Eating foods rich in probiotics is a good habit to practice to ensure healthy skin. Vitamins such as C and D enhance epidermal function, and skin hydration is met through consumption of adequate amounts of water.
Intestinal health is the most important instrument to ensure health of the epidermis, says Georges Mouton, M.D., a general practitioner who specializes in dietary and nutritional counselling in London.
"We need to treat the insides to see a difference on the outside," Dr. Mouton tells Dermatology Times.
Vitamin D, found in fish and fortified milk, improves epidermal function and is good for the skin barrier, but there is some controversy regarding appropriate sources of vitamin D, Dr. Mouton says.
While there is much concern over excessive sunlight exposure and links to skin cancer, too little sunlight is not necessarily positive, he says.
In areas of the world where individuals experience cold winters, they are less likely to derive vitamin D from sunlight exposure year-round and need to look to alternative sources of vitamin D.
Vitamins C and A
Vitamin C, rich in such foods as guava, improves epidermal function and is good for the skin barrier, Dr. Mouton says.
Licopene, which is abundant in cooked tomatoes, is photoprotective, as is luteine, a carotenoid that is found in abundant quantities in spinach.
Vitamin A confers immune support and has an antioxidizing impact, Dr. Mouton says.
Zinc is found in foods such as oysters but is also in many dermatologic products.

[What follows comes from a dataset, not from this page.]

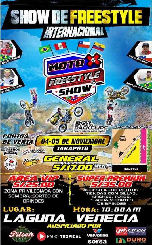 No cabe duda que este 4 de noviembre en Laguna Venecia se realizará el Show de Freestyle Internacional con la presencia de los mejores exponentes del Motocross y Freestile de nivel nacional e internacional por lo que es obvio que será un show que promete dar espectáculo.

Fish oils found in fish such as salmon, halibut, tuna, mackerel and anchovies possess anti-inflammatory properties. It's best to eat fish that is low in mercury, such as salmon.
Selenium is good for the skin and has anti-cancer properties, Dr. Mouton says.
Skin hydration is met through sufficient consumption of water. Calculating the volume of urine excreted over a 24-hour period indicates if water consumption is adequate, Dr. Mouton says.
Teas, especially in the form of green tea, are rich with polyphenols and beneficial for the skin.
Ideally, individuals should obtain nutrients through consumption of foods rather than vitamin and mineral supplements, according to Dr. Mouton. However, he says, this is clearly not always possible.
The most effective way to measure if patients are deficient in specific vitamins or nutrients is to test their blood, Dr. Mouton says.
"It's better to know what nutrients people are missing before they spend money on supplements to improve their skin," he says.
Disclosure: Dr. Mouton reports no relevant financial disclosures.